Sunday, April 15, 2012

20 weeks pregnant

Well I have made it.  I am half way through my pregnancy.  Almost to the point where I feel I can quit holding my breath and thinking this is all just a dream.  So many things are different this time around than they were back in 2005 with my first pregnancy. 

I was much sicker in the first trimester this time around.  Last time I had maybe an hour a day I felt miserable whereas this time around I was miserable for basically 3 months straight.  Most people (me included at first) would feel that this was a horrible thing to be unable to keep anything down but water, 7-Up, and Ginger Ale.    But for me it kept the fact that I was pregnant real in my mind.  What other reason is there to feel miserable all day but the joy of knowing that you are growing a life inside of you.  That God has bless you with the chance to be a mommy to your own miniature you (or miniature hubby).

In the 2nd trimester so far, I have been feeling more movement from baby than I did first time around.  I started feeling flutters around week 15 1/2 or so.  Today those movements are a bit more than flutters but not as much as the jabs and kicks my friends further along tell me about.  I know those movements are coming but I am enjoying the little motions that my baby is doing now, it is comforting to know that God protected my little one while I was so sick at the beginning. 

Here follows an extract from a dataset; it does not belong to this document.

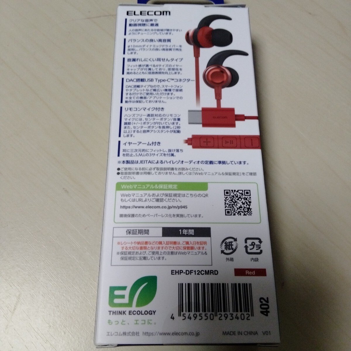 ◇ELECOM 有線イヤホン デジタル式 USB Type-C ヘッドホン カナル 10mm レッド EHP-DF12CMRD
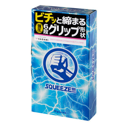 ビチッと締まる強圧!まるでギュッと握られているような締め付け感のサガミブランドコンドーム「SQUEEZE(スクイーズ)」10個入。

Another HUGE difference about this pregnancy is that I have the love and support of my, Husband Mike.  Unlike in 2005 (before I even met Mike), when I was living in Montana and working 50-60 hours a week trying to just to support myself.  I was alone except for friends and the occasional phone call back home to mom.  This pregnancy is just that much more healthy for both me and baby I believe.  It is amazing what knowing someone cares about you does for your outlook on EVERYTHING. 

While I know that back in 2005 I would have loved my little girl with all my heart.  I know that I wasn't ready to be a mother then.  I was way too self-absorbed at that time and financially it would have definitely dropped us from being broke into the poor bracket.  In my opinion not the best way to bring a child into this world.  While I am not entirely sure I am ready to be a mother now, financially things are much stabler, and I know that this child will not only have 2 parents that love him/her very much, but also 3 grandparents, numerous aunts, uncles and cousins; and a TON of family friends who love him/her lots n lots.

Thank you God for protecting all of us and providing for us.  Please continue to do so all the days of our lives.